Congress looking for speed in infrastructure spending
3 min readThe House Committee on Transportation and Infrastructure is looking for answers from the Department of Transportation about the speed of infrastructure spending.
“I remain concerned about the slow pace at which the Department is distributing Infrastructure Investment and Jobs Act funds,” said Committee Chair Rep. Sam Graves, R-Mo.
“Despite having received more than $364 billion since IIJA’s enactment, DOT has obligated a little more than half and outlaid only 27% of available funds.”
The statement was issued in conjunction with a committee hearing Thursday featuring testimony from DOT Secretary Pete Buttigieg. The Secretary’s interpretation of the math deviates from Graves’ numbers.

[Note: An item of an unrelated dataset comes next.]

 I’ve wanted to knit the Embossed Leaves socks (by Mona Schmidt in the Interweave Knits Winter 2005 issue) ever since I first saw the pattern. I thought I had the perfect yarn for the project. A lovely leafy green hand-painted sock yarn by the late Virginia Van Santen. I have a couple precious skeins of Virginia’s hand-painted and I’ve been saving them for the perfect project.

“We are more or less right in the middle of the five-year life of this authorization,” said Buttigieg. “By the most basic measure of funds flowing out, we made roughly half of the funding available.”
At the same time the secretary conceded that the process for tapping the funds could be simplified and laid out the agency’s plan to smooth the pain points.

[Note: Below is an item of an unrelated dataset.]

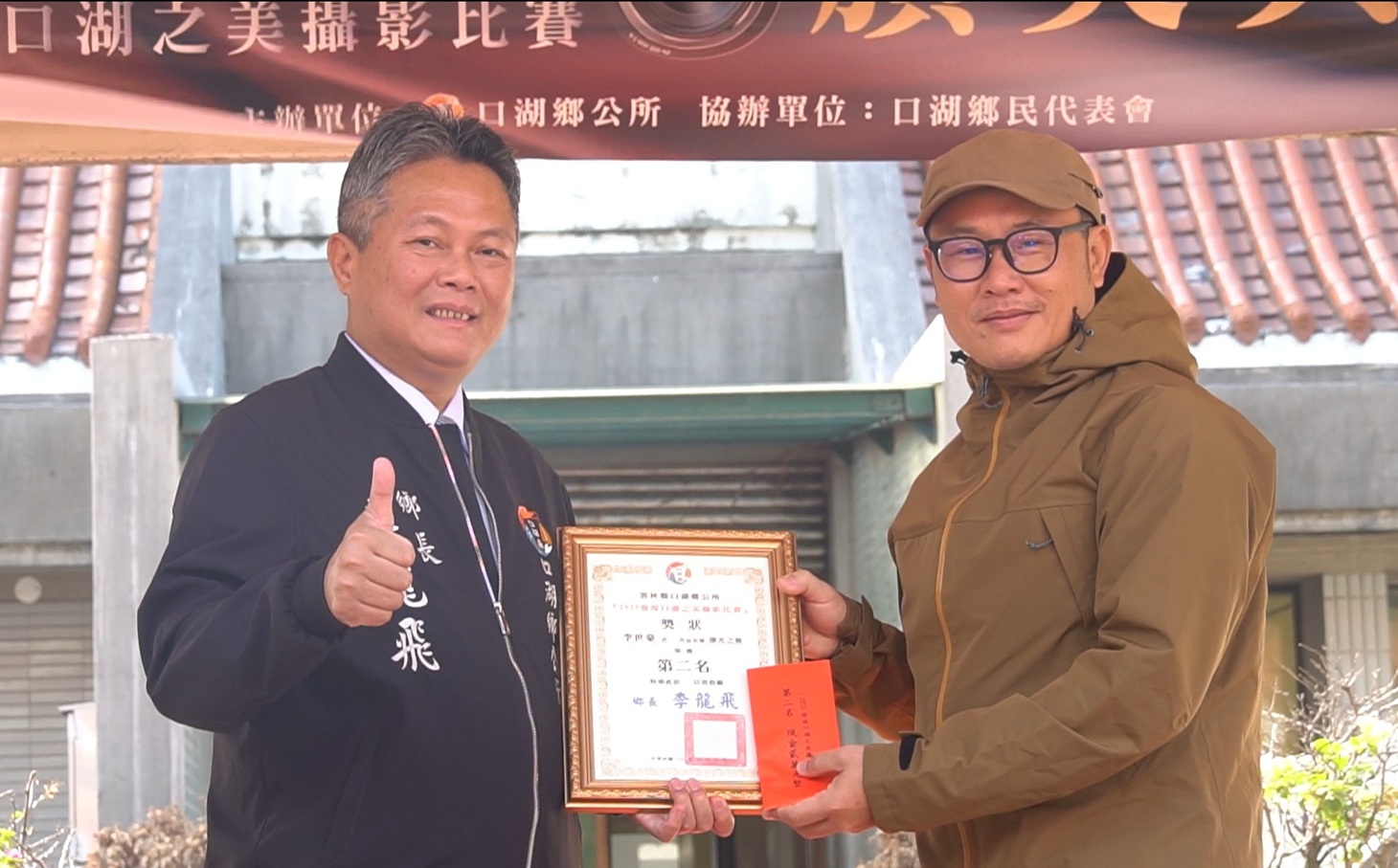 鄉長李龍飛親自頒發攝影比賽第2名得獎者李世豪,獲得獎狀及2萬元獎金。

“We’ve undertaken a new level of technical assistance with our grant sponsors, because often it’s the first time that they’ve done a federal grant of this magnitude, especially the rural and tribal communities that we’ve been working with,” said Buttigieg.
“Even if the delay is coming from the state or the county or the city not yet being ready with something, we should take ownership of that. We should take responsibility for that, not just say, ‘it’s your problem. You fix it.'”
The complex relationship between the Highway Trust Fund and the electric vehicles that don’t pay into it via the federal gasoline tax was also explored.
Many states are already making their own
“I won’t claim to have a magic solution on the Highway Trust Fund,” said Buttigieg. “I think by the time of the 2026 vote on a future reauthorization, that question will really come to a head, and Congress will need to decide whether the user-pays principle is the future, or whether to continue turning to other sorts of funding to fund our roads.”
The DOT is also being asked to consider a novel approach for moving toll road revenue across state lines by setting up a toll credit exchange market. According to Rep. Chris Pappas, D-N.H., the provisions for establishing the market were part of the IIJA legislation.
“Federal law allows states like New Hampshire to use toll credits to cover local match requirements for federally funded projects,” said Pappas. “But since states could historically only use toll credits for projects within the state where credits were accrued, many states left extra toll credits on the table.”
The Congressman is proposing an exchange that would allow states to sell any excess credits to cover the match required for federally funded projects.
“We recognize the importance of the value of an innovative program like that,” said Buttigieg. “I can report to you that the Federal Highway Administration has made a lot of progress on that. As you know, anytime you stand up a novel program that leads to a lot of work that goes on in the background, which we’re working through.”
On Wednesday the DOT announced $1.8 billion in awards from the Rebuilding American Infrastructure with Sustainability and Equity discretionary grant program for 148 projects across the country.
“I’ll end by pointing out one other thing that the thousands of projects across the country and the 148 projects in this round have in common,” said Buttigieg. “Zero out of that number was invented or cooked up here at USDOT Headquarters in Navy Yard in Washington, D.C. Many of them are longstanding dreams that would have happened, except that they lacked Federal support.”